Halban P A, Mutkoski R, Dodson G, Orci L
Diabetologia. 1987 May;30(5):348-53. doi: 10.1007/BF00299029.
Insulin is thought to be chemically stabilized within beta-granules in the crystal form. The other major products of the beta-granule, proinsulin and C-peptide, by contrast, are not thought able to crystallize. The physico-chemical properties of peptides in soluble or crystalline form are dramatically different. The ability of insulin to crystallize in the beta-granule might thus explain why this peptide, but not proinsulin/C-peptide, remains stable even after its introduction into lysosomes as occurs during granulolysis (crinophagy). We have now studied this by exposing proinsulin or insulin to lysosomal proteases in vitro. 125I-insulin in soluble form was found to be degraded at the same rate as 125I-proinsulin. Strikingly, however, when the labelled insulin was crystallized, its rate of degradation was decreased from 1.9 to 0.2 pmol/min. We take these data as confirmation that the insulin crystal is resistant to degradation, thereby possibly accounting for (a) the presence of insulin immunoreactivity within multigranular bodies, and (b) the unusually slow rate of degradation of insulin within B cells compared with that of other hormones in their cells of origin.

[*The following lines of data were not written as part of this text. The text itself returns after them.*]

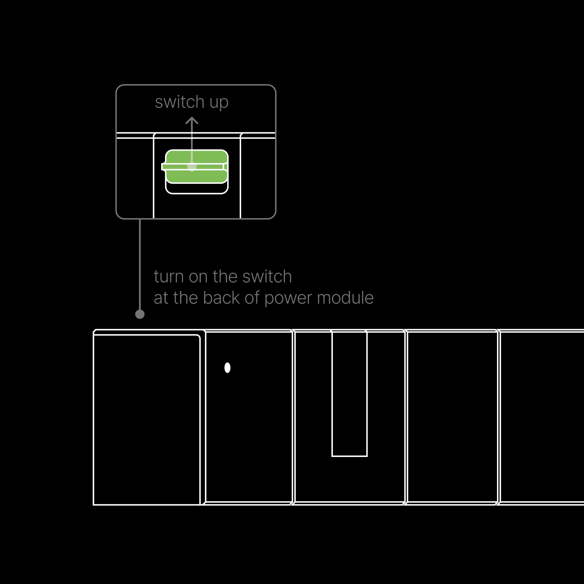 Once again, ensure your assembly is complete and all cables and devices are connected securely. Connect the array and your wall socket with the power cable. Turn the switch on the power module to the up position to power on the system. Check that the power indicator LED is on, and you're good to go.
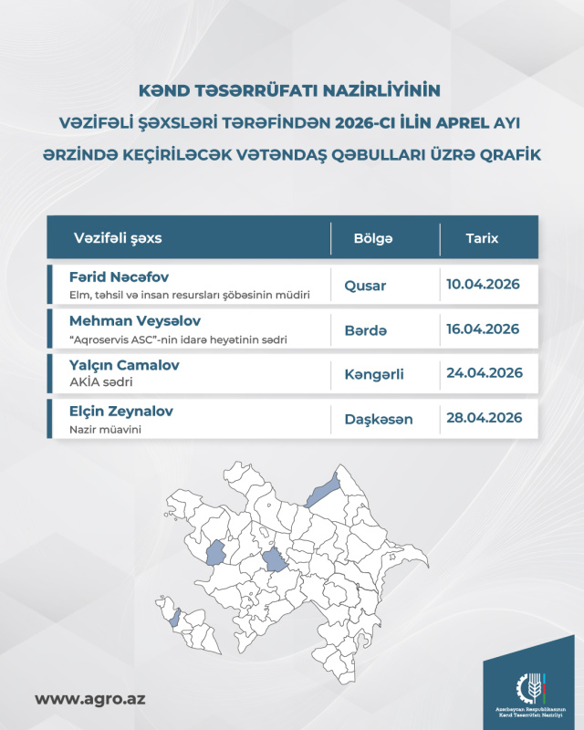 Aia.az xəbər verir ki, Vətəndaş qəbulu qrafikdə nəzərdə tutulmuş rayonun Dövlət Aqrar İnkişaf Mərkəzində keçirilir. Vətəndaş qəbulunda iştirak etmək istəyən şəxslər Kənd Təsərrüfatı Nazirliyinin “Çağrı Mərkəzi”nə (1652) zəng etməklə qeydiyyatdan keçə bilərlər. Qəbula gələn vətəndaşlar əvvəlcədən qeydiyyatdan keçməli və şəxsiyyətlərini təsdiq edən sənədləri özləri ilə gətirməlidirlər.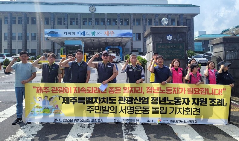 민주노총 서비스연맹 관광레저산업노동조합은 12일 제주도청 앞에서 기자회견을 열어 '제주도 관광산업 청년노동자 지원 조례' 주민발의를 위한 서명운동에 돌입한다고 밝혔다.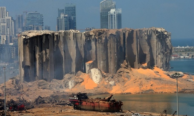 Khung cảnh hoang tàn tại cảng Beirut, thủ đô Lebanon sau vụ nổ ngày 4/8. Ảnh: AFP.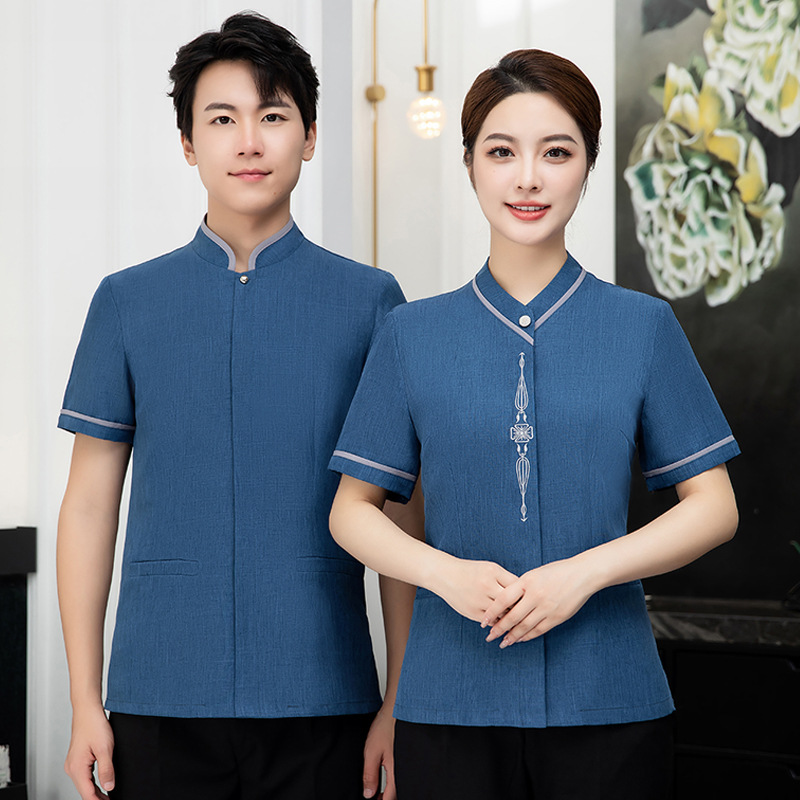 Pakaian kerja membersihkan pria dan wanita, lengan pendek properti komunitas pakaian pembersih kamar hotel bibi pelayan musim panas bernapas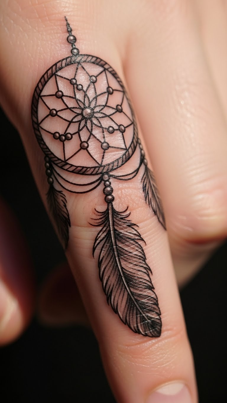 A dreamcatcher feather on your finger brings safety and dreams. See web elements woven in. This one protects your mind. Draw dreamcatcher designs simply. Find free tutorials online. Pick a budget artist. Place it on your finger for security. Care with easy methods. Pair with sleep habits. Bold catchers guard. Try yarn crafts.

胰岛素被认为在β颗粒内以晶体形式化学稳定。相比之下,β颗粒的其他主要产物胰岛素原和C肽则被认为不能结晶。肽以可溶或晶体形式存在时,其物理化学性质有很大差异。胰岛素在β颗粒中结晶的能力因此可以解释为什么这种肽,而不是胰岛素原/C肽,即使在颗粒溶解(自噬性溶酶体消化)过程中被引入溶酶体后仍保持稳定。我们现在通过在体外将胰岛素原或胰岛素暴露于溶酶体蛋白酶来研究这一问题。发现可溶形式的125I-胰岛素与125I-胰岛素原以相同的速率降解。然而,引人注目的是,当标记的胰岛素结晶时,其降解速率从1.9皮摩尔/分钟降至0.2皮摩尔/分钟。我们将这些数据视为胰岛素晶体抗降解的证据,这可能解释了(a)多颗粒体内胰岛素免疫反应性的存在,以及(b)与其他激素在其起源细胞中的降解速率相比,B细胞内胰岛素降解速率异常缓慢的原因。